Problem to work on: In the copy, keep every record exact and leave out all images.
▬▬▬
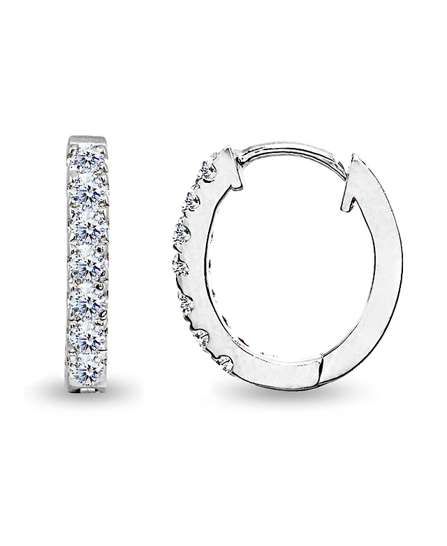 Effy Diamond & Out Small Hoop Earrings (3/8 ct. t.w.) Sterling Silver, 1"
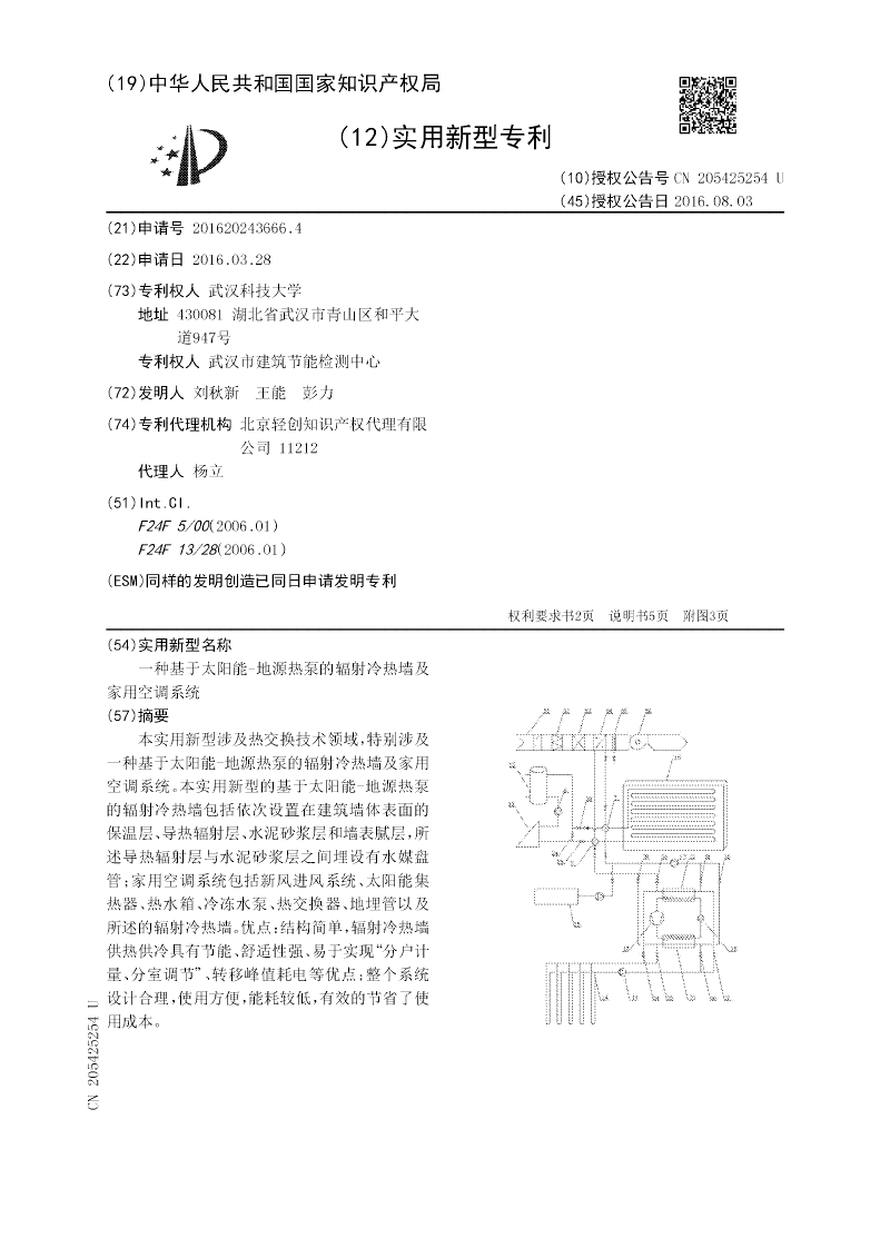 本实用新型涉及热交换技术领域,特别涉及一种基于太阳能?地源热泵的辐射冷热墙及家用空调系统。本实用新型的基于太阳能?地源热泵的辐射冷热墙包括依次设置在建筑墙体表面的保温层、导热辐射层、水泥砂浆层和墙表腻层,所述导热辐射层与水泥砂浆层之间埋设有水媒盘管;家用空调系统包括新风进风系统、太阳能集热器、热水箱、冷冻水泵、热交换器、地埋管以及所述的辐射冷热墙。优点:结构简单,辐射冷热墙供热供冷具有节能、舒适性强、易于实现“分户计量、分室调节”、转移峰值耗电等优点;整个系统设计合理,使用方便,能耗较低,有效的节省了使用成本。
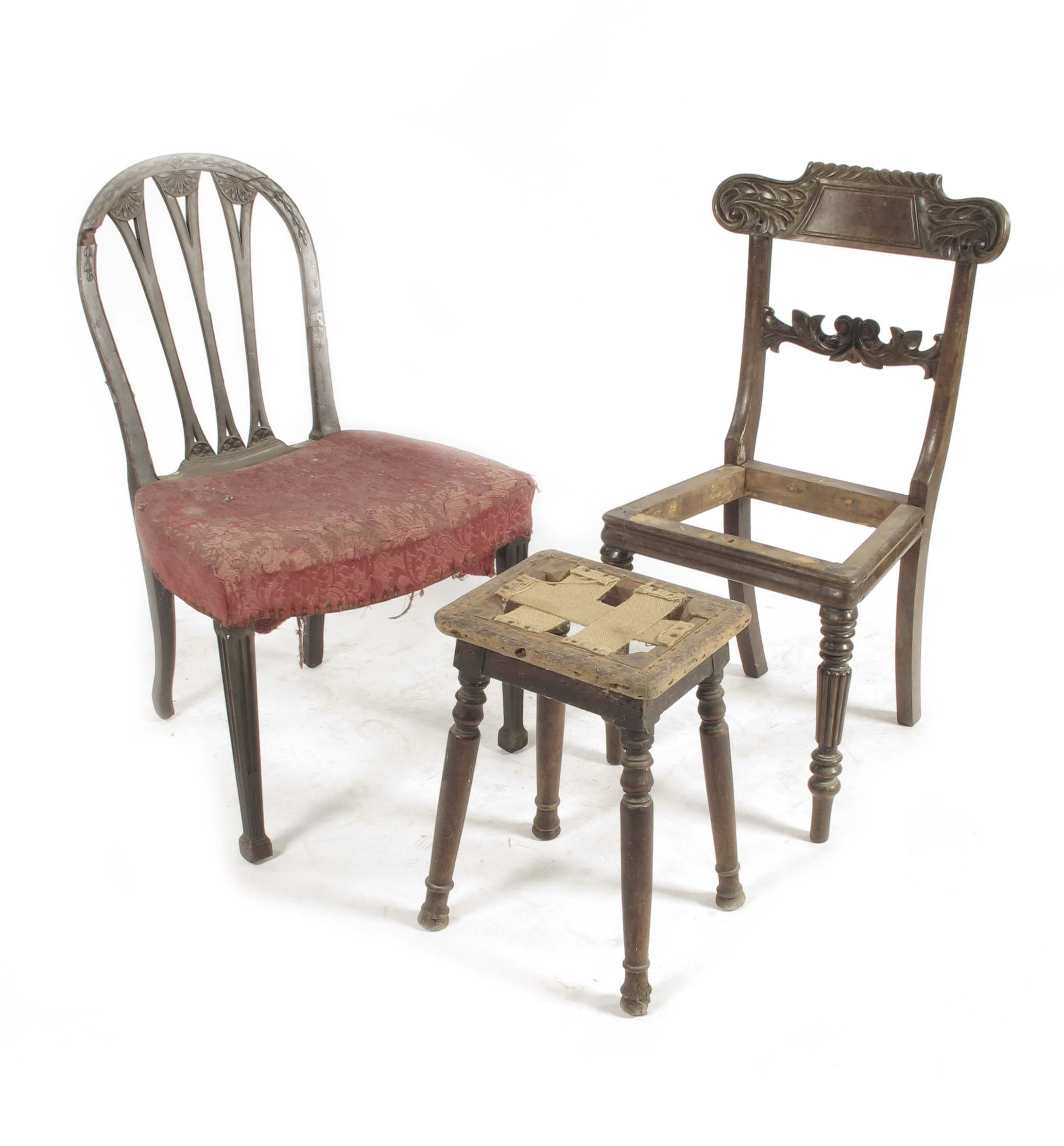 A George III mahogany side chair, a Regency mahogany side chair, a stool and a folding towel airer. (4) Old damages and losses.
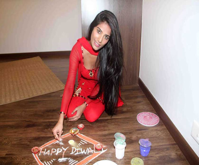 वैसे तो पूनम अक्सर अपनी हॉट ड्रेसेज में नजर आती हैं। इस बार वो लाल सूट पहने नजर आ रही हैं। इस फोटो में वो रंगोली बनाती दिखाई दे रही हैं। रंगोली के साथ उन्होंने हैप्पी दिवाली लिख कर अपने प्रशंसकों को त्योहार की शुभकामनाएं दी हैं।
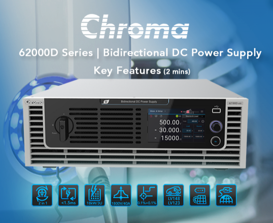 Chroma 62000D系列雙向可程控直流電源供應(yīng)器兼具電源及負(fù)載特性,雙象限操作,可允許待測(cè)物的能量饋入此電源,適用于新能源之儲(chǔ)能系統(tǒng)測(cè)試,如光伏/儲(chǔ)能混合式逆變器、電池儲(chǔ)能變流器(PCS)等測(cè)試于模擬儲(chǔ)能電池之充電與放電轉(zhuǎn)換。62000D也適用新能源車應(yīng)用之雙向車載充電器(BOBC)、雙向直流轉(zhuǎn)換器、DC-AC馬達(dá)驅(qū)動(dòng)器等電源管理系統(tǒng),借以取代電池達(dá)到雙向的電源轉(zhuǎn)換模擬測(cè)試。
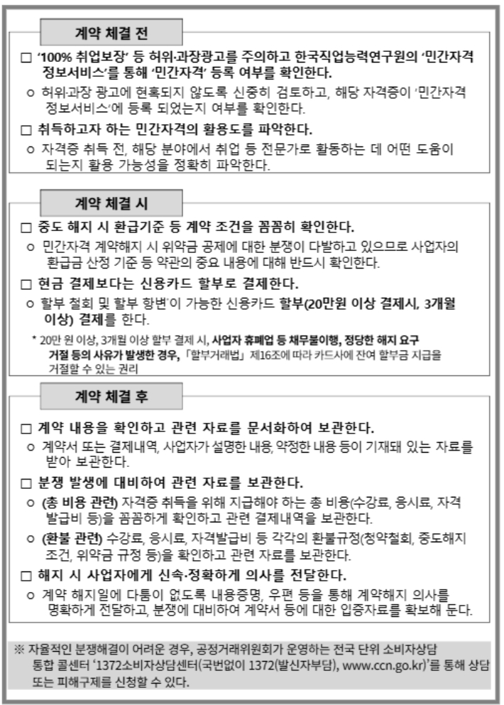 소비자원 관계자는 "과장된 광고 문구에 현혹되지 않아야 하며 자격의 법적 성격(공인 여부) 및 취소·환불 기준, 총비용 등을 계약 전에 반드시 확인해 달라"고 말했다.
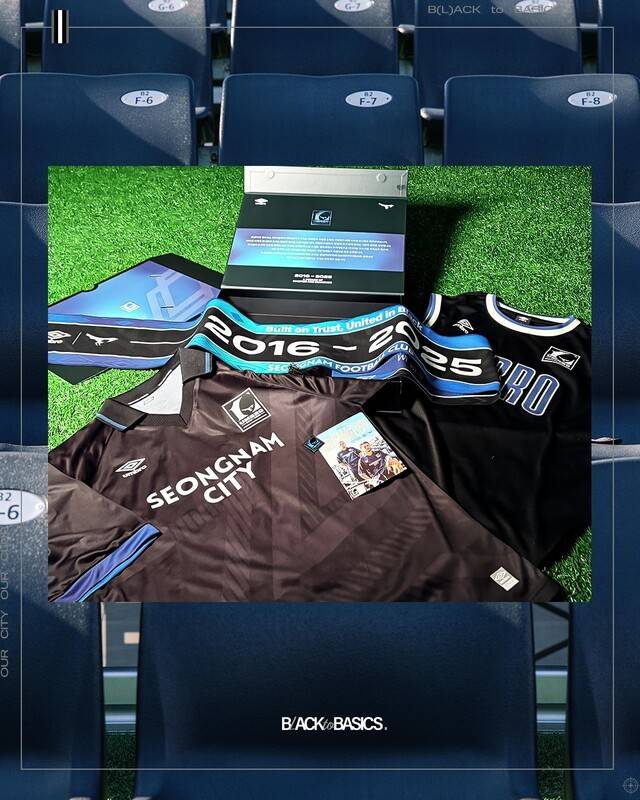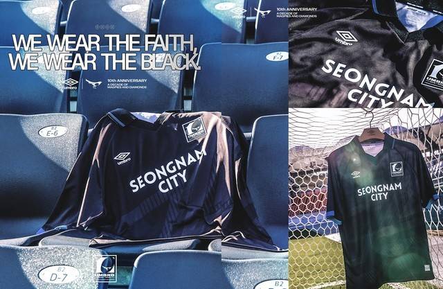 성남과 엄브로는 동행 10주년을 기념해 스페셜 유니폼과 리미티드 에디션 패키지를 공개했다. "We Wear The Faith, We Wear the Black (우리는 서로의 '믿음'을 입습니다. 우리는 변하지 않는 '블랙'을 입습니다)"라는 슬로건을 담았고, 스폰서십 이상의 '동반자'라는 의미를 더했다.
▬▬▬
Answer box:
 Effy Diamond & Out Small Hoop Earrings (3/8 ct. t.w.) Sterling Silver, 1"
 本实用新型涉及热交换技术领域,特别涉及一种基于太阳能?地源热泵的辐射冷热墙及家用空调系统。本实用新型的基于太阳能?地源热泵的辐射冷热墙包括依次设置在建筑墙体表面的保温层、导热辐射层、水泥砂浆层和墙表腻层,所述导热辐射层与水泥砂浆层之间埋设有水媒盘管;家用空调系统包括新风进风系统、太阳能集热器、热水箱、冷冻水泵、热交换器、地埋管以及所述的辐射冷热墙。优点:结构简单,辐射冷热墙供热供冷具有节能、舒适性强、易于实现“分户计量、分室调节”、转移峰值耗电等优点;整个系统设计合理,使用方便,能耗较低,有效的节省了使用成本。
 A George III mahogany side chair, a Regency mahogany side chair, a stool and a folding towel airer. (4) Old damages and losses.
 वैसे तो पूनम अक्सर अपनी हॉट ड्रेसेज में नजर आती हैं। इस बार वो लाल सूट पहने नजर आ रही हैं। इस फोटो में वो रंगोली बनाती दिखाई दे रही हैं। रंगोली के साथ उन्होंने हैप्पी दिवाली लिख कर अपने प्रशंसकों को त्योहार की शुभकामनाएं दी हैं।
 Chroma 62000D系列雙向可程控直流電源供應(yīng)器兼具電源及負(fù)載特性,雙象限操作,可允許待測(cè)物的能量饋入此電源,適用于新能源之儲(chǔ)能系統(tǒng)測(cè)試,如光伏/儲(chǔ)能混合式逆變器、電池儲(chǔ)能變流器(PCS)等測(cè)試于模擬儲(chǔ)能電池之充電與放電轉(zhuǎn)換。62000D也適用新能源車應(yīng)用之雙向車載充電器(BOBC)、雙向直流轉(zhuǎn)換器、DC-AC馬達(dá)驅(qū)動(dòng)器等電源管理系統(tǒng),借以取代電池達(dá)到雙向的電源轉(zhuǎn)換模擬測(cè)試。
 소비자원 관계자는 "과장된 광고 문구에 현혹되지 않아야 하며 자격의 법적 성격(공인 여부) 및 취소·환불 기준, 총비용 등을 계약 전에 반드시 확인해 달라"고 말했다.
 성남과 엄브로는 동행 10주년을 기념해 스페셜 유니폼과 리미티드 에디션 패키지를 공개했다. "We Wear The Faith, We Wear the Black (우리는 서로의 '믿음'을 입습니다. 우리는 변하지 않는 '블랙'을 입습니다)"라는 슬로건을 담았고, 스폰서십 이상의 '동반자'라는 의미를 더했다.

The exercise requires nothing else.